- Directions for this task -
Exactness is required throughout. Return every record once more.

Dataset entries
____
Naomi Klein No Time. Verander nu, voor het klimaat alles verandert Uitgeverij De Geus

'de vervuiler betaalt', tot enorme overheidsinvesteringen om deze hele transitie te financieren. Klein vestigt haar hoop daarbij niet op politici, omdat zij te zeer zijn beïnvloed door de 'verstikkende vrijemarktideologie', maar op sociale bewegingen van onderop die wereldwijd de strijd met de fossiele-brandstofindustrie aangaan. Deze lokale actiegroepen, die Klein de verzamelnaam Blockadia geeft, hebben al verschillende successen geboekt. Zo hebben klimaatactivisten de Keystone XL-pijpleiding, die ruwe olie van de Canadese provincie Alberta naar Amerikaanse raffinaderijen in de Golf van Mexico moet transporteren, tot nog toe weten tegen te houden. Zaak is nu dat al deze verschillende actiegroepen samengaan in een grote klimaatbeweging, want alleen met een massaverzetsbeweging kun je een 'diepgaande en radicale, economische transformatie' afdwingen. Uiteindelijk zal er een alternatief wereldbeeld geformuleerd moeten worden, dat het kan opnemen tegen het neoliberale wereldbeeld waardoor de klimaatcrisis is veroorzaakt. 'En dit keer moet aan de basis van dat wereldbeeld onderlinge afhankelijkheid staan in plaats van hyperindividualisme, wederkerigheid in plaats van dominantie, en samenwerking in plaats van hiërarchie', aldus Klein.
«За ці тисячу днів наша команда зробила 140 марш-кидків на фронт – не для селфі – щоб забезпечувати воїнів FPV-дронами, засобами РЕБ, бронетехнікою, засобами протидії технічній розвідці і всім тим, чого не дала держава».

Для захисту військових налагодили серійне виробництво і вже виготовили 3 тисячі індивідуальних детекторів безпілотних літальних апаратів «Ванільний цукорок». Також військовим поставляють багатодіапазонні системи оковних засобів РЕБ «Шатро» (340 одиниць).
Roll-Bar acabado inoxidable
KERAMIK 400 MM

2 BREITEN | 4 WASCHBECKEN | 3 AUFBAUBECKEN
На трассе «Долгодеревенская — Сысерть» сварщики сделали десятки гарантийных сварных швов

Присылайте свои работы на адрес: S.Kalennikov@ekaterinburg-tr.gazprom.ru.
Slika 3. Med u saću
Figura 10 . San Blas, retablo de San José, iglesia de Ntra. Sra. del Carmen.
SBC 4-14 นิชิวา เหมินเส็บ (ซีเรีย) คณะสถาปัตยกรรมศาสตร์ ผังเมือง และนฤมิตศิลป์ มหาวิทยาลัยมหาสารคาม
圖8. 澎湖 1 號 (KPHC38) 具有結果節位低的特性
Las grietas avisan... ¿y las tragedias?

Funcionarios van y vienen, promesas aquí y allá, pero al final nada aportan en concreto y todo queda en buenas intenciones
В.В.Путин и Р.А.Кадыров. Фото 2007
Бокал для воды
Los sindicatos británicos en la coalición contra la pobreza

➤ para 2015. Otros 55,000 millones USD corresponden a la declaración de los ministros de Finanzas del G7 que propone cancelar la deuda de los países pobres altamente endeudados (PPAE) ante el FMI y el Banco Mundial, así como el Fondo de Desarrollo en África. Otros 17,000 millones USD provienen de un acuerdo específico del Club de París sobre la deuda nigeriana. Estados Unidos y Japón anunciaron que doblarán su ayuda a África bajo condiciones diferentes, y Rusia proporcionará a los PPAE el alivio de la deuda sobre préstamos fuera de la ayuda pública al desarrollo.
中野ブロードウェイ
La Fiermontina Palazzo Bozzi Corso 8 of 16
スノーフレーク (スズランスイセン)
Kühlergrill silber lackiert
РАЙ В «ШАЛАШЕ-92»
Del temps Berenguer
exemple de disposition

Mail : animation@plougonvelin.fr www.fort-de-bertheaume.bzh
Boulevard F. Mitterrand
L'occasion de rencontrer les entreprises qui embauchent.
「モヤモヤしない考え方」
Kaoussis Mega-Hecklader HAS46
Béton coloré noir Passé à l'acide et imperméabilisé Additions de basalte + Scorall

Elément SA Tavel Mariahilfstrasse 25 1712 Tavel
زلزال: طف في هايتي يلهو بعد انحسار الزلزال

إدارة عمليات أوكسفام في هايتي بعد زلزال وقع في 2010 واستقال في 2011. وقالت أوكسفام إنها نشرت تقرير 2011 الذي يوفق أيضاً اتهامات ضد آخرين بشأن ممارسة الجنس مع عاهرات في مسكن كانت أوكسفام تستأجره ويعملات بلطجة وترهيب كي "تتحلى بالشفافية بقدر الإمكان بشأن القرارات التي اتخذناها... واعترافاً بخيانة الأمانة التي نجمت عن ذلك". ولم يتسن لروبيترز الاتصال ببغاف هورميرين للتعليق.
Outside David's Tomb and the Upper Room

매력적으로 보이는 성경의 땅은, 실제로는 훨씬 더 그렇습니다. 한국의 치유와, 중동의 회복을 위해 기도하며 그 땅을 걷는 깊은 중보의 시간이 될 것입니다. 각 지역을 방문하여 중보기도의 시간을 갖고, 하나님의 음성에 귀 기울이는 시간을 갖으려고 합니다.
____
- Task solution -
Naomi Klein No Time. Verander nu, voor het klimaat alles verandert Uitgeverij De Geus

'de vervuiler betaalt', tot enorme overheidsinvesteringen om deze hele transitie te financieren. Klein vestigt haar hoop daarbij niet op politici, omdat zij te zeer zijn beïnvloed door de 'verstikkende vrijemarktideologie', maar op sociale bewegingen van onderop die wereldwijd de strijd met de fossiele-brandstofindustrie aangaan. Deze lokale actiegroepen, die Klein de verzamelnaam Blockadia geeft, hebben al verschillende successen geboekt. Zo hebben klimaatactivisten de Keystone XL-pijpleiding, die ruwe olie van de Canadese provincie Alberta naar Amerikaanse raffinaderijen in de Golf van Mexico moet transporteren, tot nog toe weten tegen te houden. Zaak is nu dat al deze verschillende actiegroepen samengaan in een grote klimaatbeweging, want alleen met een massaverzetsbeweging kun je een 'diepgaande en radicale, economische transformatie' afdwingen. Uiteindelijk zal er een alternatief wereldbeeld geformuleerd moeten worden, dat het kan opnemen tegen het neoliberale wereldbeeld waardoor de klimaatcrisis is veroorzaakt. 'En dit keer moet aan de basis van dat wereldbeeld onderlinge afhankelijkheid staan in plaats van hyperindividualisme, wederkerigheid in plaats van dominantie, en samenwerking in plaats van hiërarchie', aldus Klein.
«За ці тисячу днів наша команда зробила 140 марш-кидків на фронт – не для селфі – щоб забезпечувати воїнів FPV-дронами, засобами РЕБ, бронетехнікою, засобами протидії технічній розвідці і всім тим, чого не дала держава».

Для захисту військових налагодили серійне виробництво і вже виготовили 3 тисячі індивідуальних детекторів безпілотних літальних апаратів «Ванільний цукорок». Також військовим поставляють багатодіапазонні системи оковних засобів РЕБ «Шатро» (340 одиниць).
Roll-Bar acabado inoxidable
KERAMIK 400 MM

2 BREITEN | 4 WASCHBECKEN | 3 AUFBAUBECKEN
На трассе «Долгодеревенская — Сысерть» сварщики сделали десятки гарантийных сварных швов

Присылайте свои работы на адрес: S.Kalennikov@ekaterinburg-tr.gazprom.ru.
Slika 3. Med u saću
Figura 10 . San Blas, retablo de San José, iglesia de Ntra. Sra. del Carmen.
SBC 4-14 นิชิวา เหมินเส็บ (ซีเรีย) คณะสถาปัตยกรรมศาสตร์ ผังเมือง และนฤมิตศิลป์ มหาวิทยาลัยมหาสารคาม
圖8. 澎湖 1 號 (KPHC38) 具有結果節位低的特性
Las grietas avisan... ¿y las tragedias?

Funcionarios van y vienen, promesas aquí y allá, pero al final nada aportan en concreto y todo queda en buenas intenciones
В.В.Путин и Р.А.Кадыров. Фото 2007
Бокал для воды
Los sindicatos británicos en la coalición contra la pobreza

➤ para 2015. Otros 55,000 millones USD corresponden a la declaración de los ministros de Finanzas del G7 que propone cancelar la deuda de los países pobres altamente endeudados (PPAE) ante el FMI y el Banco Mundial, así como el Fondo de Desarrollo en África. Otros 17,000 millones USD provienen de un acuerdo específico del Club de París sobre la deuda nigeriana. Estados Unidos y Japón anunciaron que doblarán su ayuda a África bajo condiciones diferentes, y Rusia proporcionará a los PPAE el alivio de la deuda sobre préstamos fuera de la ayuda pública al desarrollo.
中野ブロードウェイ
La Fiermontina Palazzo Bozzi Corso 8 of 16
スノーフレーク (スズランスイセン)
Kühlergrill silber lackiert
РАЙ В «ШАЛАШЕ-92»
Del temps Berenguer
exemple de disposition

Mail : animation@plougonvelin.fr www.fort-de-bertheaume.bzh
Boulevard F. Mitterrand
L'occasion de rencontrer les entreprises qui embauchent.
「モヤモヤしない考え方」
Kaoussis Mega-Hecklader HAS46
Béton coloré noir Passé à l'acide et imperméabilisé Additions de basalte + Scorall

Elément SA Tavel Mariahilfstrasse 25 1712 Tavel
زلزال: طف في هايتي يلهو بعد انحسار الزلزال

إدارة عمليات أوكسفام في هايتي بعد زلزال وقع في 2010 واستقال في 2011. وقالت أوكسفام إنها نشرت تقرير 2011 الذي يوفق أيضاً اتهامات ضد آخرين بشأن ممارسة الجنس مع عاهرات في مسكن كانت أوكسفام تستأجره ويعملات بلطجة وترهيب كي "تتحلى بالشفافية بقدر الإمكان بشأن القرارات التي اتخذناها... واعترافاً بخيانة الأمانة التي نجمت عن ذلك". ولم يتسن لروبيترز الاتصال ببغاف هورميرين للتعليق.
Outside David's Tomb and the Upper Room

매력적으로 보이는 성경의 땅은, 실제로는 훨씬 더 그렇습니다. 한국의 치유와, 중동의 회복을 위해 기도하며 그 땅을 걷는 깊은 중보의 시간이 될 것입니다. 각 지역을 방문하여 중보기도의 시간을 갖고, 하나님의 음성에 귀 기울이는 시간을 갖으려고 합니다.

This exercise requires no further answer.